Fast barcode calling based on k-mer distances
Fast barcode calling based on k-mer distances
Uphoff, R. C.; Schueler, S.; Grosse, I.; Mueller-Hannemann, M.
AbstractDNA barcodes, which are short DNA strings, are regularly used as tags in pooled sequencing experiments to enable the identification of reads originating from the same sample. A crucial task in the subsequent analysis of pooled sequences is barcode calling, where one must identify the corresponding barcode for each read. This task is computationally challenging when the probability of synthesis and sequencing errors is high, like in photolithographic microarray synthesis. Identifying the most similar barcode for each read is a theoretically attractive solution for barcode calling.
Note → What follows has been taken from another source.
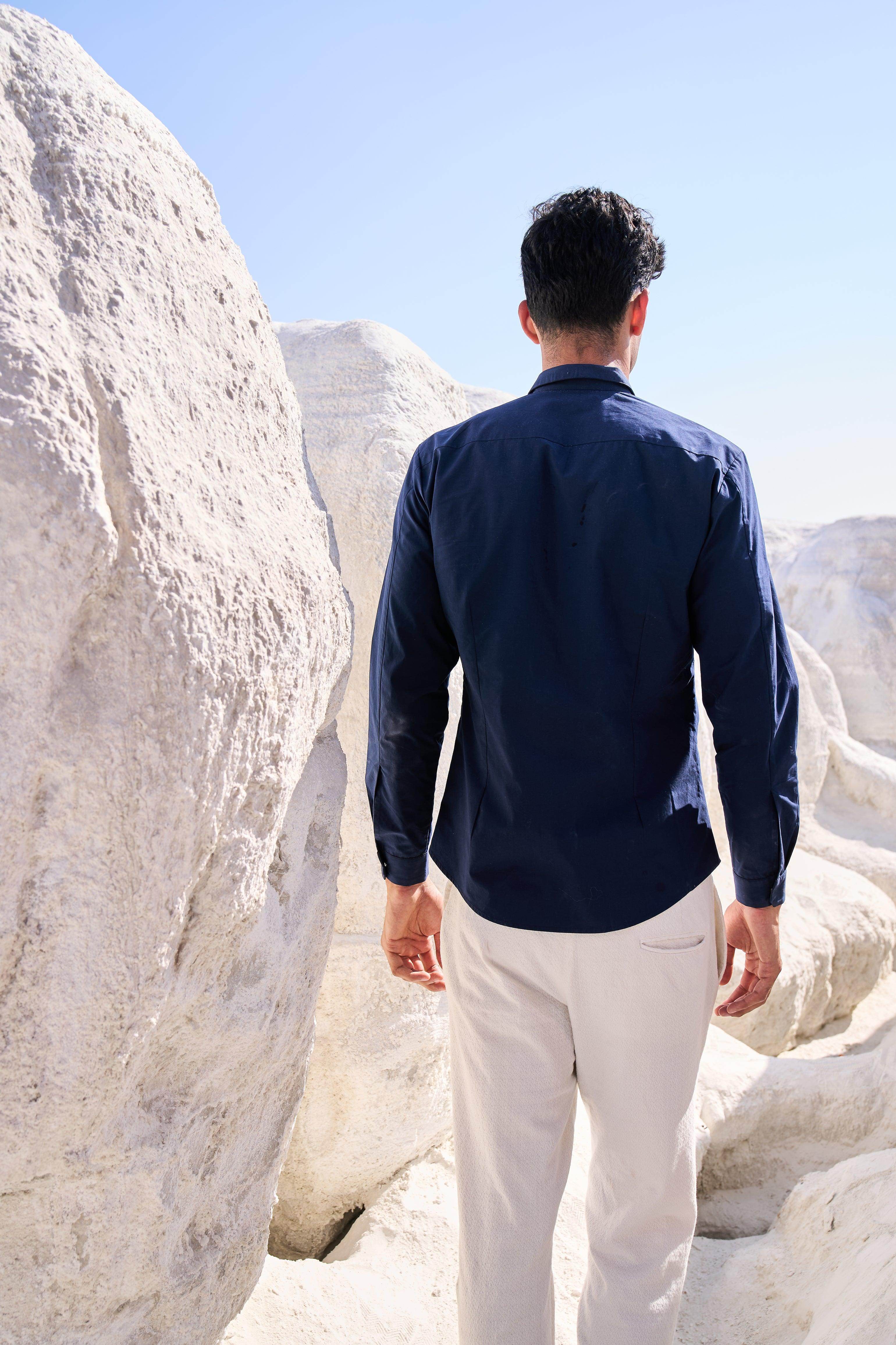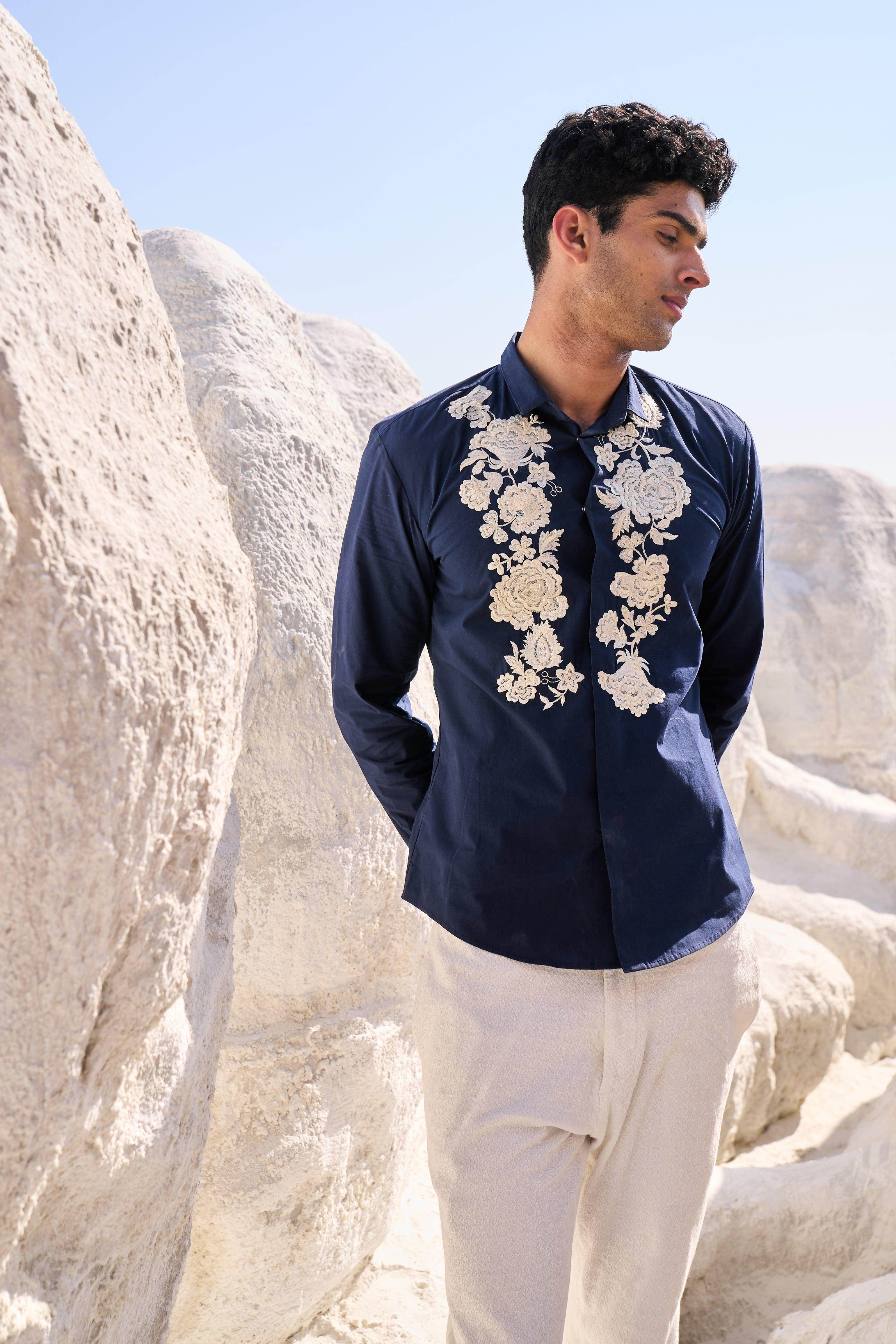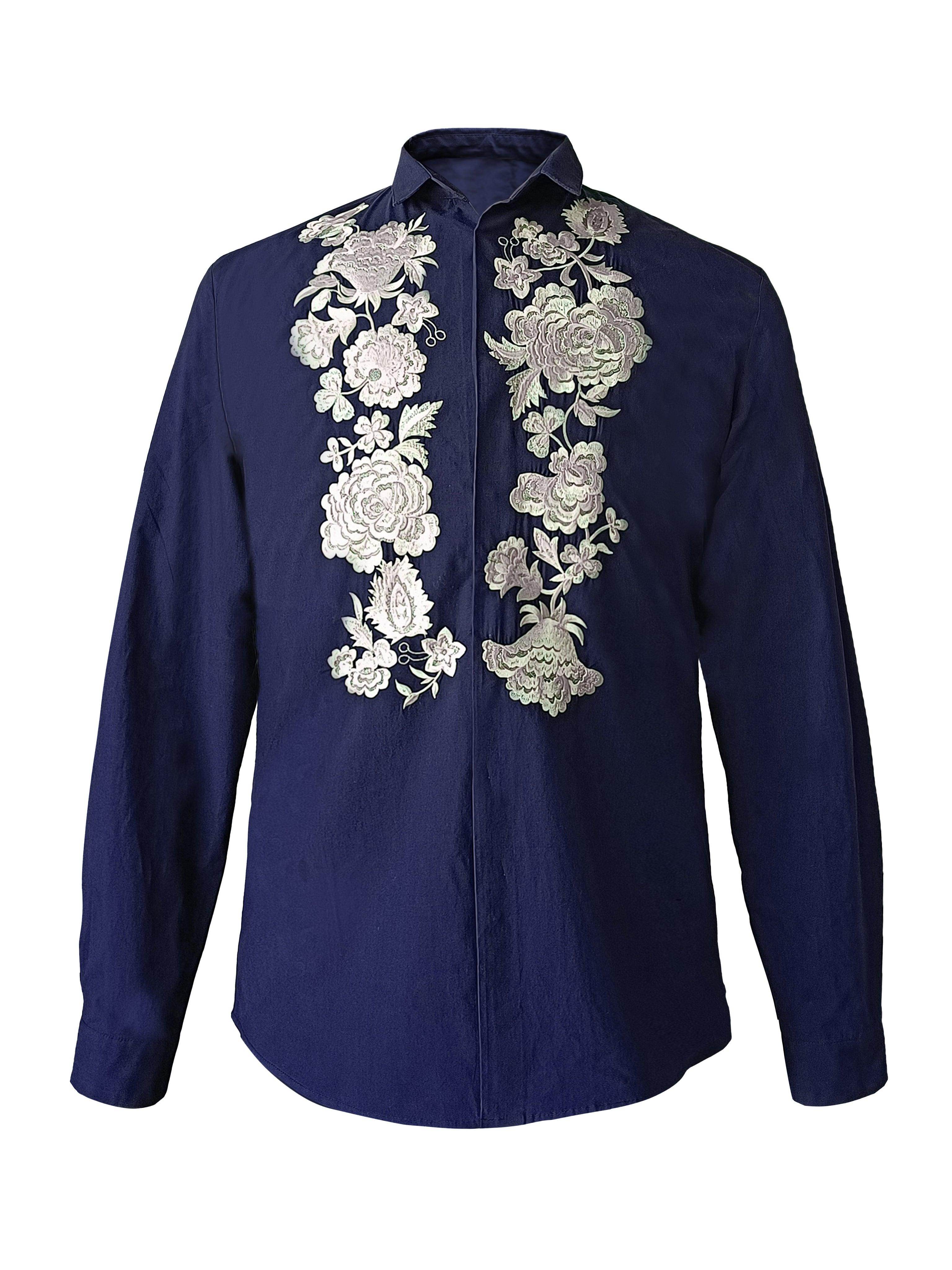 Blue cotton poplin shirt with Gara stitch inspired embroidery running down the center front placket. Long-sleeves. Snap button closure at the front and the cufff. Regular fit.

However, an all-to-all exact similarity calculation is practically infeasible for applications with millions of barcodes and billions of reads. Hence, several computational approaches for barcode calling have been proposed, but the challenge of developing an efficient and precise computational approach remains. Here, we propose a simple, yet highly effective new barcode calling approach that uses a filtering technique based on precomputed k-mer lists. We find that this approach has a slightly higher accuracy than the state-of-the-art approach, is more than 500 times faster than that, and allows barcode calling for one million barcodes and one billion reads per day on a server GPU.